How neural networks find generalizable solutions: Self-tuned annealing in deep learning
This work addresses a fundamental gap in theoretical understanding of SGD for researchers in machine learning, though it appears incremental as it builds on existing SGD analysis.
The paper tackled the problem of understanding how Stochastic Gradient Descent (SGD) finds generalizable solutions in deep learning by analyzing learning dynamics and loss landscapes, discovering an inverse relation between weight variance and landscape flatness, and developing a random landscape theory to explain it, with results indicating SGD uses a self-tuned annealing strategy to locate flat minima.

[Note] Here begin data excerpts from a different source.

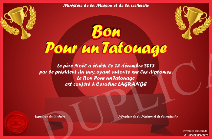 Envoyez par email votre Bon Pour un Tatouage personalisé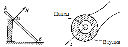 Он состоит из неподвижного цилиндрического болта (пальца), на который надевается втулка (рис. 4), имеющая цилиндрическое отверстие с диаметром, немного превышающим диаметр болта. Если тело скрепить с втулкой, то оно сможет только вращаться вокруг оси шарнира. В идеальном шарнире, в котором пренебрегают трением между поверхностями пальца и втулки, возникает только препятствие для перемещения втулки в направлении, перпендикулярном к поверхностям пальца и втулки. Поэтому реакция в идеальном шарнире направлена по нормали, т. е. по радиусу болта. В зависимости от действующих сил втулка может прижиматься к болту в любой точке. Поэтому направление реакции неподвижного цилиндрического шарнира наперед указать нельзя. Об этой реакции известно только то, что она расположена в плоскости, перпендикулярной к оси, шарнира. Схематически неподвижный шарнир изображают двумя стержнями, соединенными общим шарниром. При решении задач реакцию шарнира определяют аналитически, раскладывая ее по направлениям координатных осей. Величину проекций реакции определяют из уравнений равновесия. Аналогично поступают и в других случаях, когда направление реакции какой-то связи наперед указать нельзя.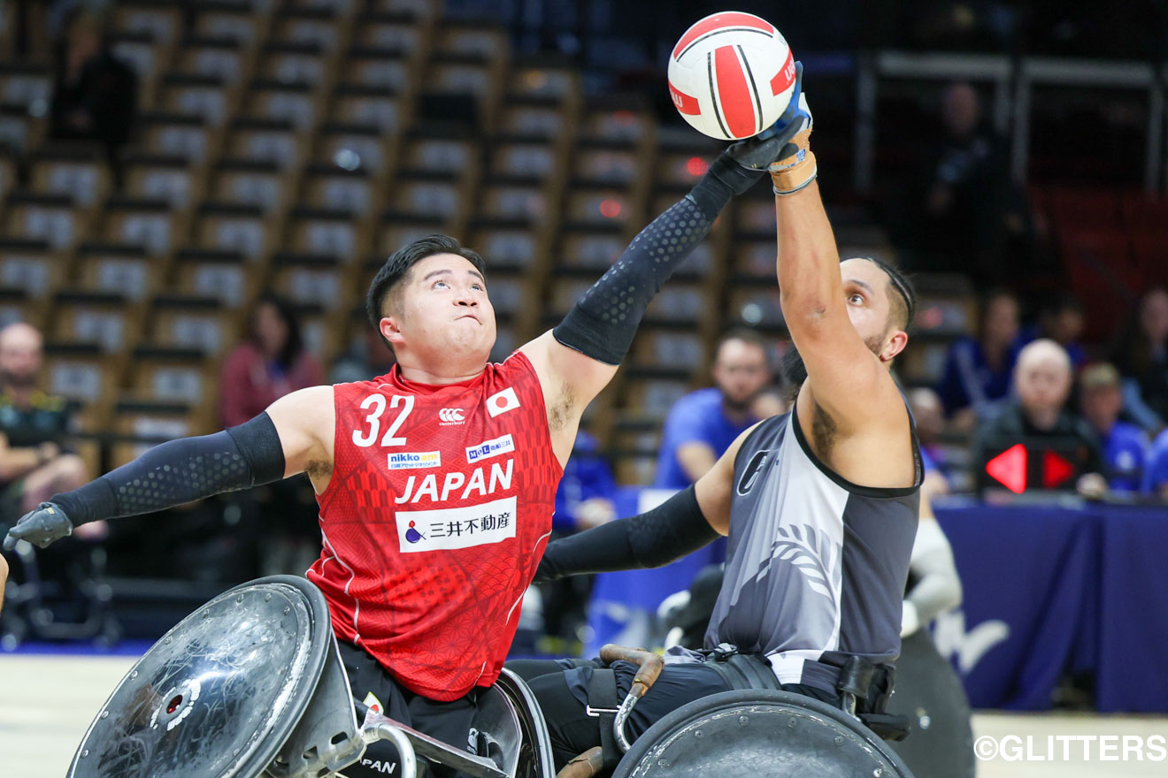 日本は、スターティングラインナップに、ハイポインター2人とローポインター2人によるハイローラインを起用し、今大会がフル代表レベルの国際大会デビューとなる草場龍治も名を連ねた。初戦とあってか硬さの見えた立ち上がり、“日本対策"をして臨んだニュージーランドに、インバウンド後のボールを奪われ連続得点を許してしまう。すぐにセカンドラインナップを送り込んだ日本は、マンツーマン・ディフェンスで相手のパスコースをふさぎ、オフェンスでは着実にトライを取って流れを取り戻すと、第1ピリオドを9-9の同点で終えた。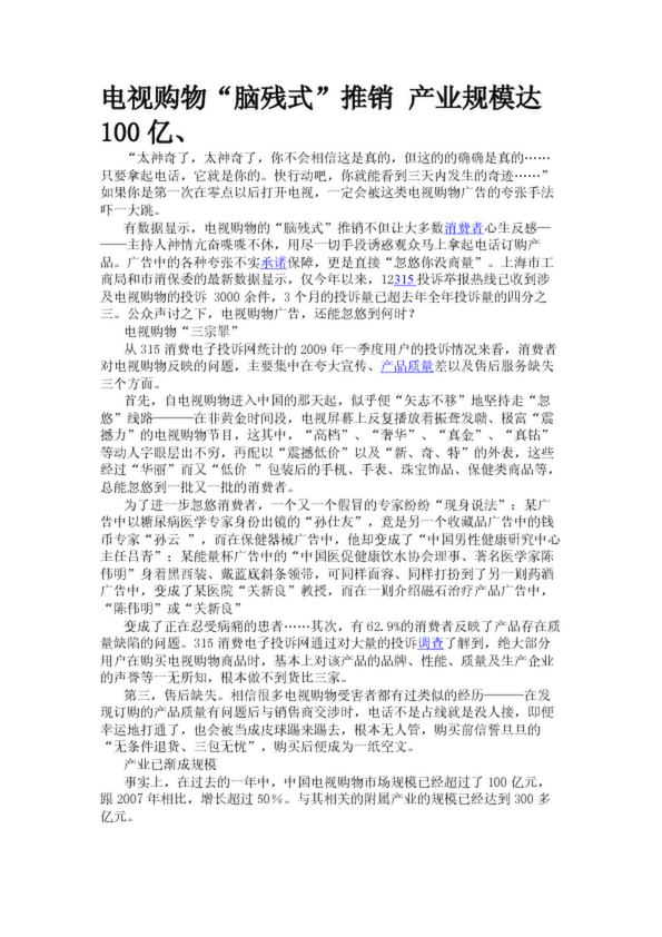 電視購(gòu)物“腦殘式”推銷 產(chǎn)業(yè)規(guī)模達(dá)100億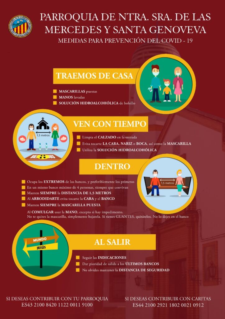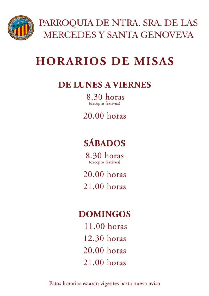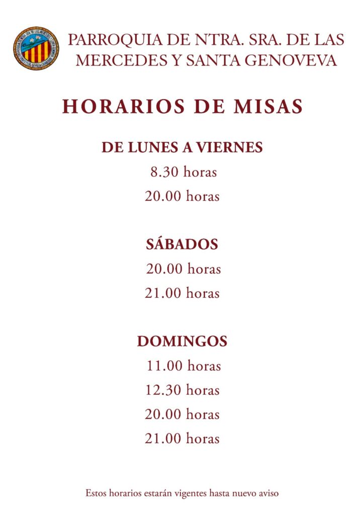 De acuerdo con el Señor Arzobispo, y con su permiso dado esta misma mañana, nuestro Templo parroquial de Nuestra Señora de las Mercedes y Santa Genoveva, se abre al culto a partir del próximo miércoles día 13 a las 8,00 h con el horario habitual y de acuerdo con las normas que ha fijado el Consejo Episcopal presidido por nuestro Arzobispo Don Juan José Asenjo Pelegrina, y que hay que tener en cuenta.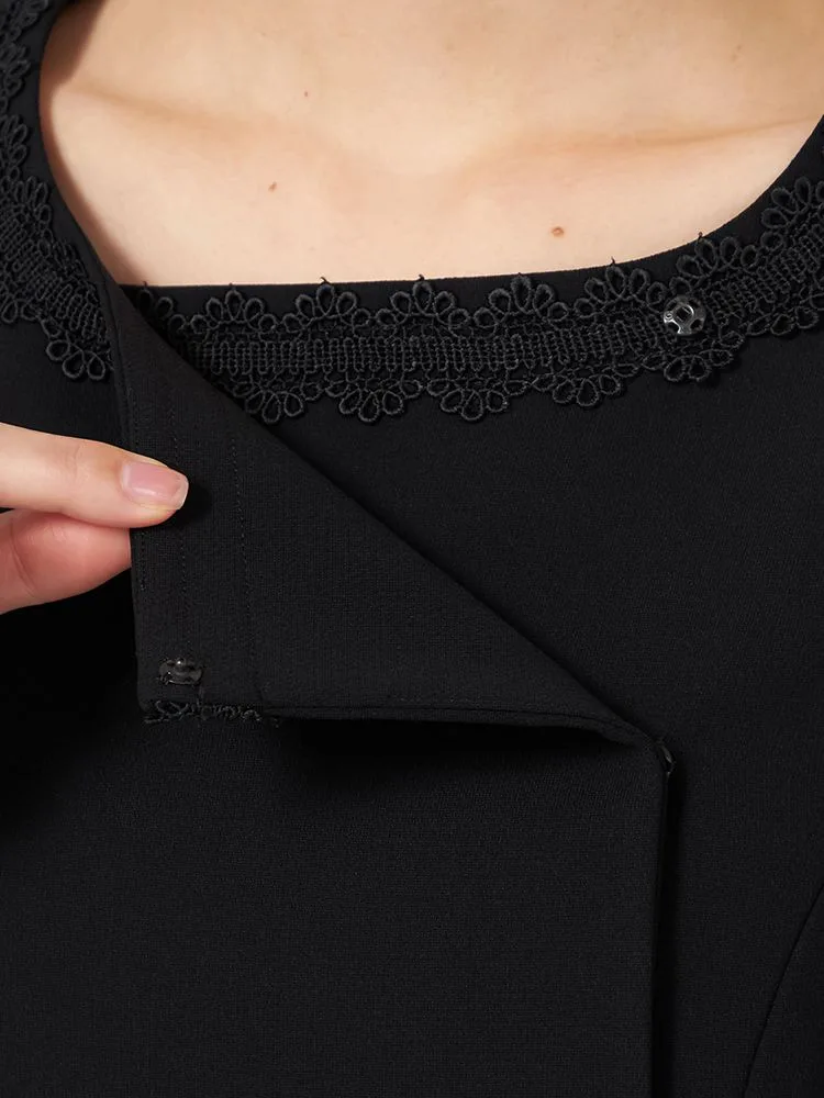 ワンピースは単品でもアンサンブル風に見えるため、きちんと感があり、衿ぐりレースでエレガントな印象を与えてくれます。

Despite the tremendous success of Stochastic Gradient Descent (SGD) algorithm in deep learning, little is known about how SGD finds generalizable solutions in the high-dimensional weight space. By analyzing the learning dynamics and loss function landscape, we discover a robust inverse relation between the weight variance and the landscape flatness (inverse of curvature) for all SGD-based learning algorithms. To explain the inverse variance-flatness relation, we develop a random landscape theory, which shows that the SGD noise strength (effective temperature) depends inversely on the landscape flatness. Our study indicates that SGD attains a self-tuned landscape-dependent annealing strategy to find generalizable solutions at the flat minima of the landscape. Finally, we demonstrate how these new theoretical insights lead to more efficient algorithms, e.g., for avoiding catastrophic forgetting.